The Sea Organ (Morske orgulje) is an architectural sound installation designed by Croatian architect Nikola Bašić and inaugurated in 2005 on the waterfront of Zadar, Croatia. It is a passive, site-specific instrument that produces sound through the natural motion of the sea.
The system is composed of thirty-five polyethylene pipes of varying lengths and diameters, carefully tuned to specific diatonic chords. The pipes are embedded horizontally into the structure, each connected to a resonant cavity — a sealed chamber that amplifies the air pressure variations generated by the movement of the sea.
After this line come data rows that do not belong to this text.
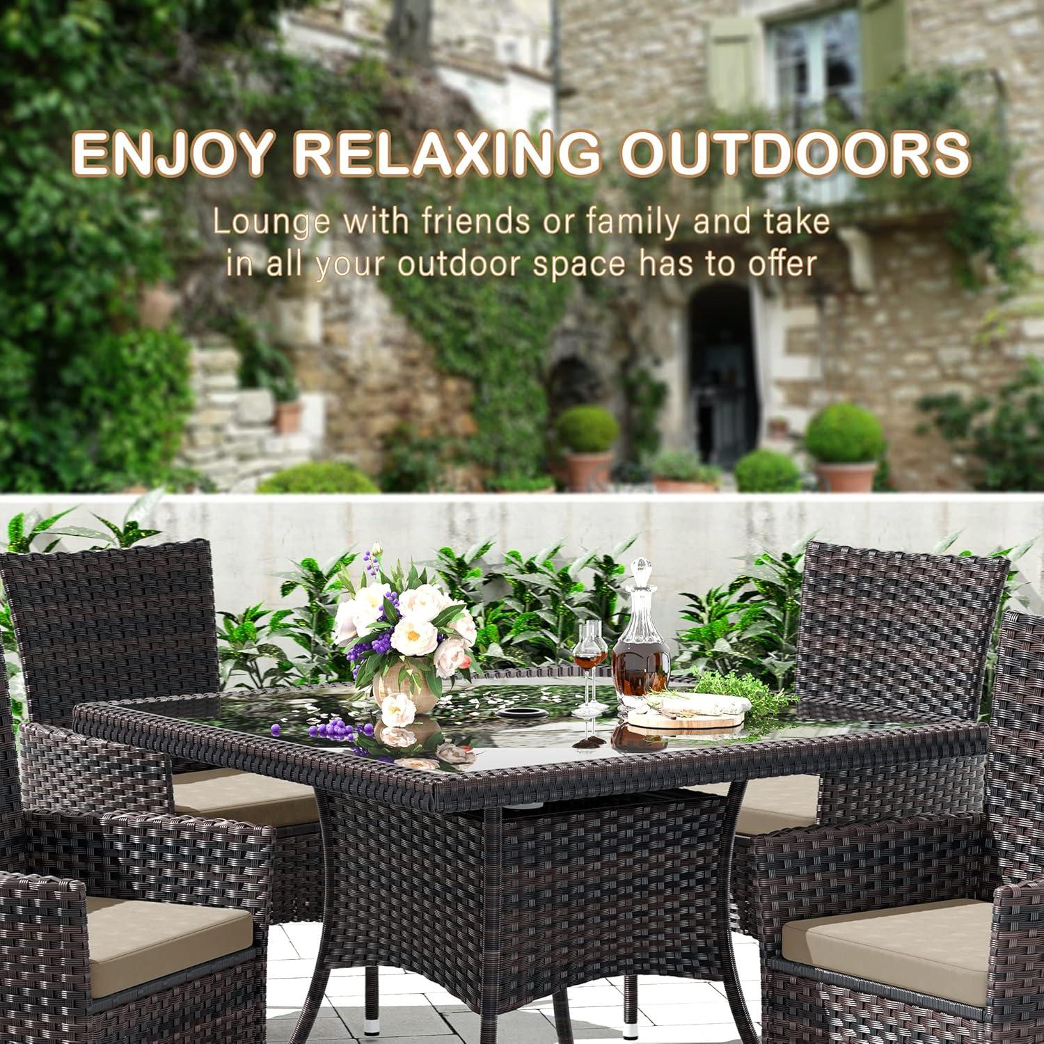 When evaluating this rattan dining set against other outdoor furniture choices, its combination of durability and style stands out promptly. Crafted from all-weather PE rattan woven over a rust-resistant steel frame, it offers a sturdier and more weatherproof option to traditional wood or metal sets that can chip, peel, or rust over time. The tempered glass tabletop not only adds elegance but also simplifies maintenance-smudges and spills wipe away effortlessly compared to porous surfaces found in some wooden or stone tables. The addition of removable brown cushions enhances comfort without sacrificing easy cleaning, making this set highly practical for everyday use and seasonal gatherings alike.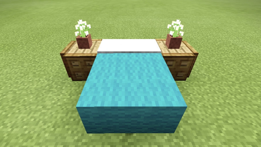 2、床。羊毛做床的主體,地毯做枕頭,比原版床更具層次感。利用木製陷阱門修飾木板,最後再放上溫馨的花盆,完美的床就做好了。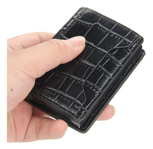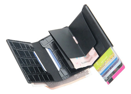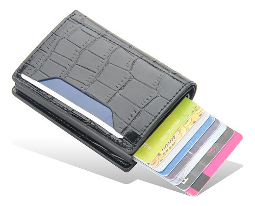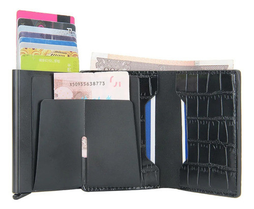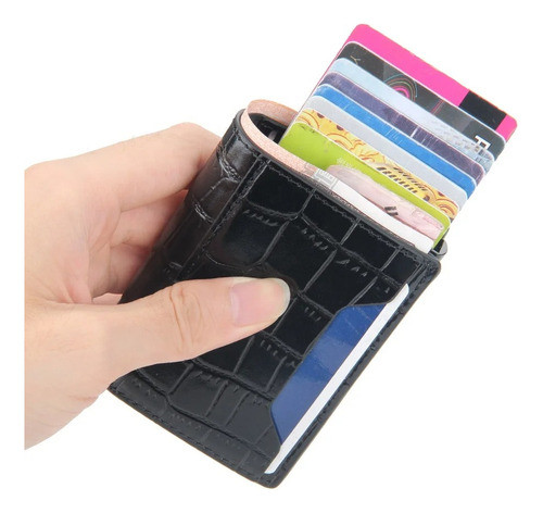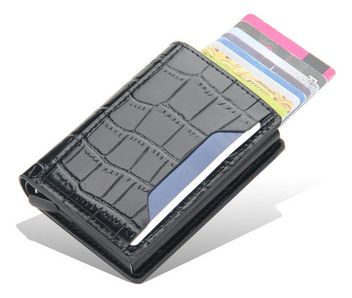 Tarjetero Croco Antirrobo Elegante Compacto Billetera Rfid Negro Croco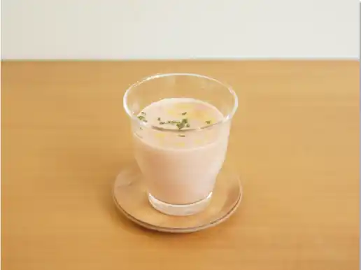森永おいしい牛乳と無塩トマトジュースに、オリーブオイルとスイートバジルを少々加えるだけのお手軽レシピ。レンジで温めればスープに、冷たいまま混ぜればラテになるという画期的なアイデアです。 |

The mechanism relies solely on the motion of the Adriatic Sea. As waves lap against the submerged openings of the organ, they push columns of water into the lower part of the system. This in turn compresses the air within the connected pipes, forcing it through narrow slits that function much like the mouthpiece of a traditional pipe organ. As the compressed air escapes into the upper chamber, it produces a tone that resonates in the cavity above. No electronics or motors are involved; the instrument is entirely passive, activated only by the sea's own energy.
The result is a continuous, organic soundscape shaped by the rhythms of the sea itself. The organ produces a low, meditative drone interspersed with airy tonal bursts. Because the instrument responds directly to the sea's behavior, the sonic output is ever-changing: soft and ambient on calm days, more dramatic and percussive during rougher tides. The tuning system, based on diatonic scales, ensures that the resulting harmonies are gentle and consonant, even when the sea behaves unpredictably.
I recorded using two hydraphones and two 8040 cardioid microphone with a Schneider disk.